Князь Семен Гнездиловский в 1550–1551 гг. был послухом в купчей грамоте у местного вотчинника князя А. И. Нащокина Кемского в Пошехонском уезде. Очевидно, он пользовался авторитетом среди местных служилых людей, которые в начале 1560-х гг. избрали его своим губным старостой. Ранее его отец был наместником в Романове. В духовной костромича Кунана Писемского упоминался его душеприказчик князь Иван Андреев Друцкий[560].

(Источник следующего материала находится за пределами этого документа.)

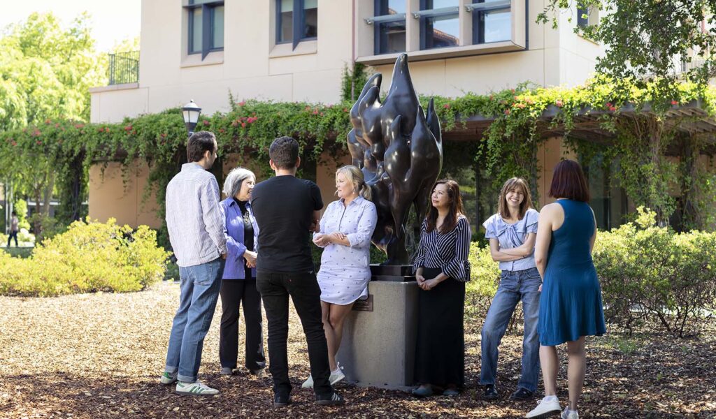“See you at the birds.” Since it was installed in 1966, The Flame Birds has been a focal point, meeting place, and Stanford GSB icon. Antiwar protesters hung signs on it. A prankster in 1977 dressed the sculpture as “The Flaming Wazoo” — a play on its French name, Les Oiseaux Flammes. Several “birds” wearing hula skirts made a starring appearance in the 1988 student show. And on September 11, 2001, students and faculty held vigil around the birds as a place of shared solace.

Известны были также вклады, сделанные в московские монастыри и соборы. Литовские выходцы разного уровня вообще очень быстро налаживали с ними связи, очевидно рассчитывая на поддержку на новом месте службы. В так называемом Мазуринском списке синодика московского Успенского собора, составленном в начале 1490-х гг., были записаны, например, князья Одоевские, Воротынские и Белевские, которые приняли московское подданство всего несколько лет назад[561]. Князь Семен Бельский после перехода под власть Ивана III сразу сделал вклады в Иосифо-Волоколамский и Кирилло-Белозерский монастыри. В ростовском со борном синодике были записан князь Дионисий (Дмитрий) и его сын Михаил Вяземские. Оба они – С. И. Бельский и М. Д. Вяземский фигурировали в «княжеской части» древнейшего синодика Троице-Сергиева монастыря[562]. Так же повели себя и представители «литвы дворовой». Уже говорилось, что Мария Мирославич в своем завещании упомянула несколько смоленских церквей и Спасский монастырь. Основная часть ее вклада, включавшая село Сковороденск, досталась, однако, Троице-Сергиеву и Пафнутьеву монастырям. Это был уже не первый ее вклад в Троице-Сергиев монастырь. Вклады сюда делали также Якуб Ивашенцов и его жена Фекла. С ростовским Борисоглебским монастырем были связаны Пивовы. Вкладчиками ярославского Спасского монастыря были князья Козловские, Вяземские и Пивовы. В синодике соседнего ярославского Толгского монастыря были отмечены князья Вяземские, Гнездиловские, а также Брянцевы и Пивовы[563].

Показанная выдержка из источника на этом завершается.